Department of Biology, Stanford University, Stanford, CA, 94305, USA.
Department of Mathematics, University of Pisa, 56126, Pisa, Italy.
Bull Math Biol. 2019 Feb;81(2):452-493. doi: 10.1007/s11538-018-0444-0. Epub 2018 Jun 6.
The neighbor-joining algorithm for phylogenetic inference (NJ) has been seen to have three specific properties when applied to distance matrices that contain an admixed taxon: (1) antecedence of clustering, in which the admixed taxon agglomerates with one of its source taxa before the two source taxa agglomerate with each other; (2) intermediacy of distances, in which the distance on an inferred NJ tree between an admixed taxon and either of its source taxa is smaller than the distance between the two source taxa; and (3) intermediacy of path lengths, in which the number of edges separating the admixed taxon and either of its source taxa is less than or equal to the number of edges between the source taxa. We examine the behavior of neighbor-joining on distance matrices containing an admixed group, investigating the occurrence of antecedence of clustering, intermediacy of distances, and intermediacy of path lengths. We first mathematically predict the frequency with which the properties are satisfied for a labeled unrooted binary tree selected uniformly at random in the absence of admixture. We then introduce a taxon constructed by a linear admixture of distances from two source taxa, examining three admixture scenarios by simulation: a model in which distance matrices are chosen at random, a model in which an admixed taxon is added to a set of taxa that reflect treelike evolution, and a model that introduces a perturbation of the treelike scenario. In contrast to previous conjectures, we observe that the three properties are sometimes violated by distance matrices that include an admixed taxon. However, we also find that they are satisfied more often than is expected by chance when the distance matrix contains an admixed taxon, especially when evolution among the non-admixed taxa is treelike. The results contribute to a deeper understanding of the nature of evolutionary trees constructed from data that do not necessarily reflect a treelike evolutionary process.
邻接法(NJ)用于系统发育推断时,当应用于包含混合分类单元的距离矩阵时有三个特定属性:(1)聚类优先性,即混合分类单元与其中一个来源分类单元聚在一起,然后这两个来源分类单元彼此聚在一起;(2)距离中介性,即在推断的 NJ 树中,混合分类单元与其来源分类单元之一之间的距离小于两个来源分类单元之间的距离;(3)路径长度中介性,即混合分类单元与其来源分类单元之一之间的边缘数小于或等于来源分类单元之间的边缘数。

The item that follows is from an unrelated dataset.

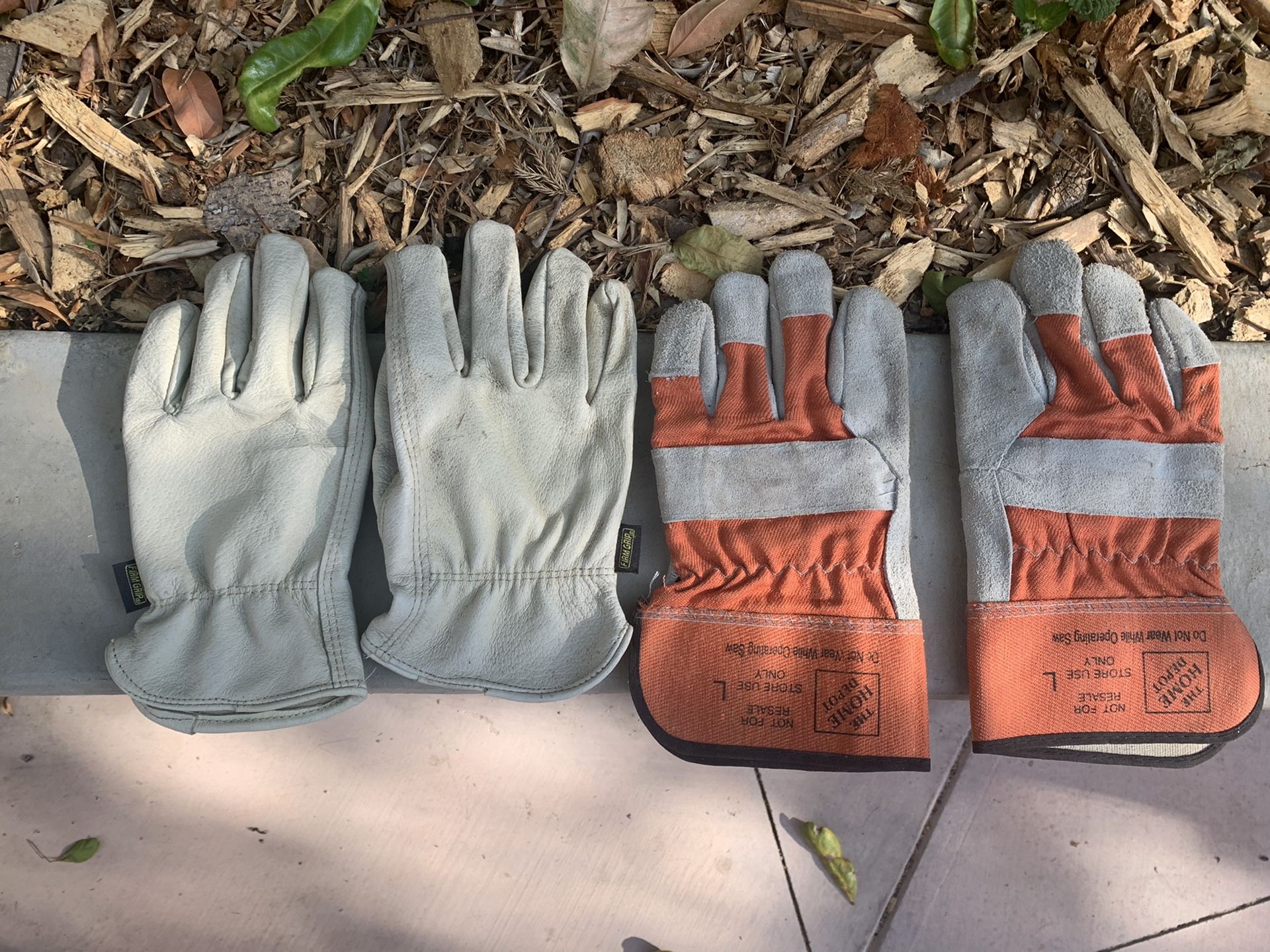 Real leather heavy duty work gloves. Used only a couple times. Size Large $10 for both pairs.
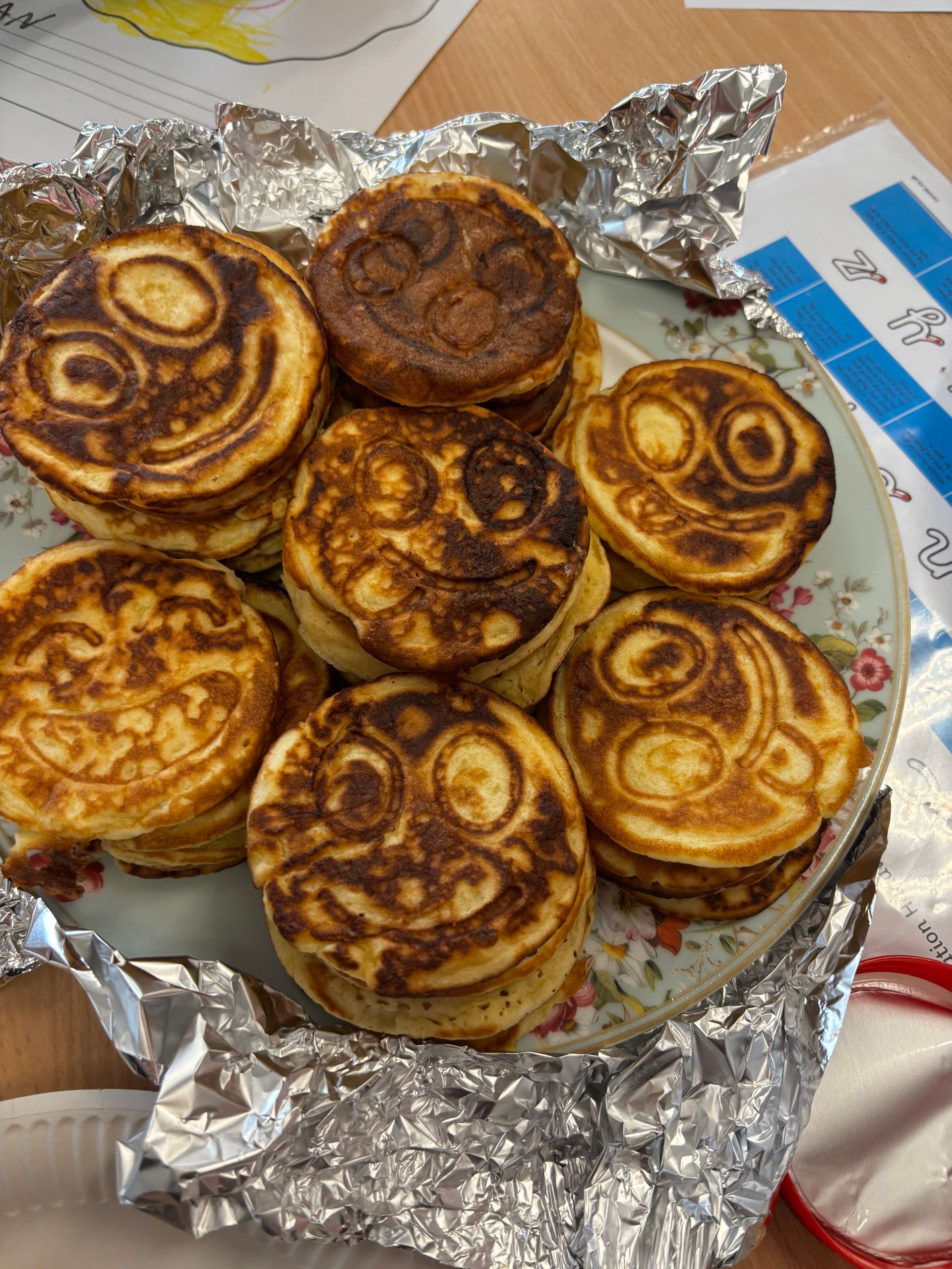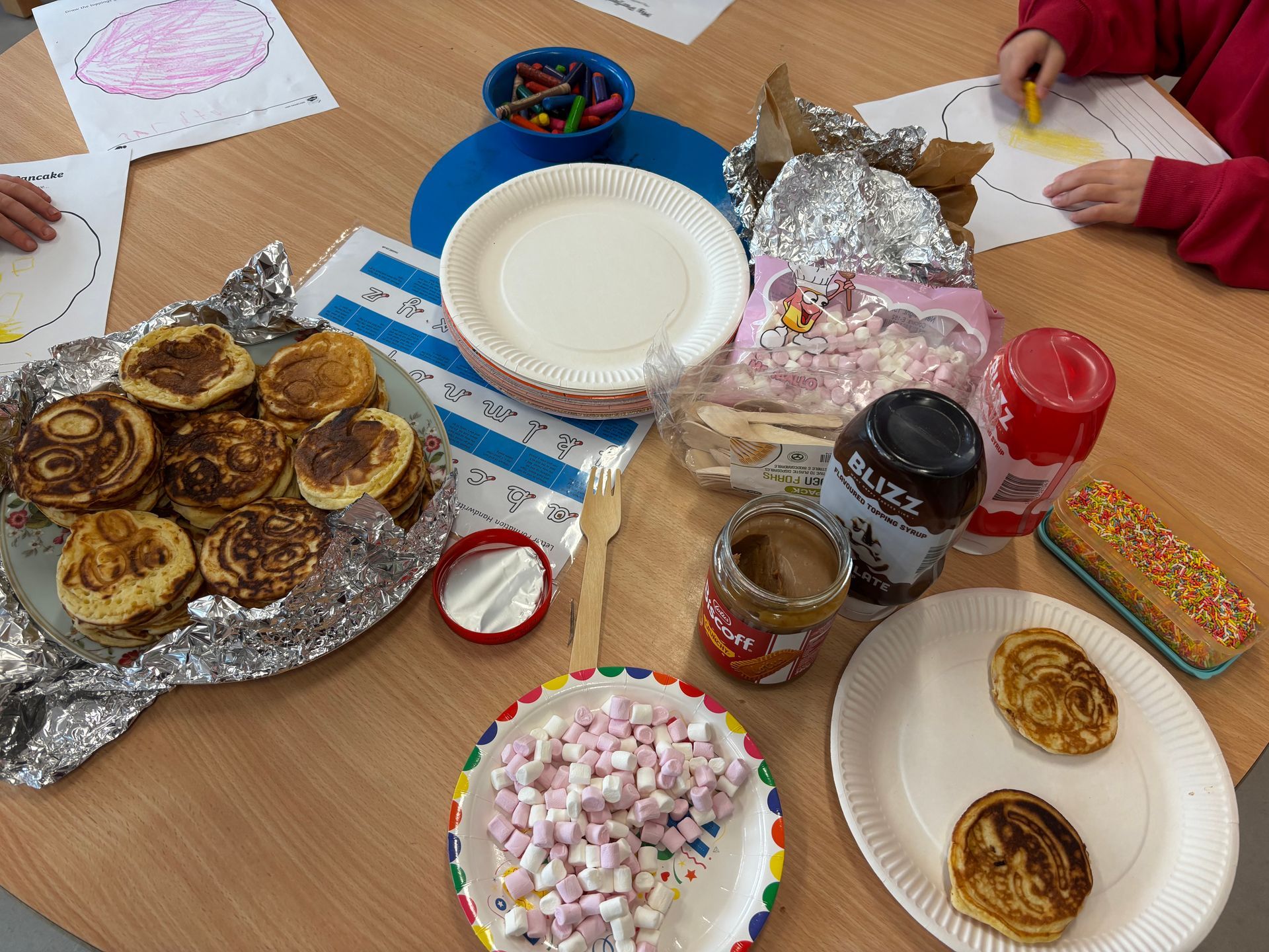Sophie and her mam were busy cooking some smiley face pancakes for the whole class, along with yummy toppings.

我们检查了包含混合群的距离矩阵上的邻接法的行为,研究了聚类优先性、距离中介性和路径长度中介性的发生情况。我们首先从不存在混合的情况下随机选择的无根二叉树的均匀标签中,从数学上预测这些属性满足的频率。然后,我们引入了由两个来源分类单元的距离的线性混合构成的分类单元,通过模拟检查三种混合情况:一种是随机选择距离矩阵的模型,另一种是将混合分类单元添加到反映树状进化的分类单元集合中的模型,以及一种引入树状场景扰动的模型。与之前的推测相反,我们观察到包含混合分类单元的距离矩阵有时会违反这三个属性。然而,我们还发现,当距离矩阵包含混合分类单元时,它们比随机情况下更经常满足,尤其是当非混合分类单元之间的进化是树状的时。这些结果有助于更深入地了解从不一定反映树状进化过程的数据构建的进化树的性质。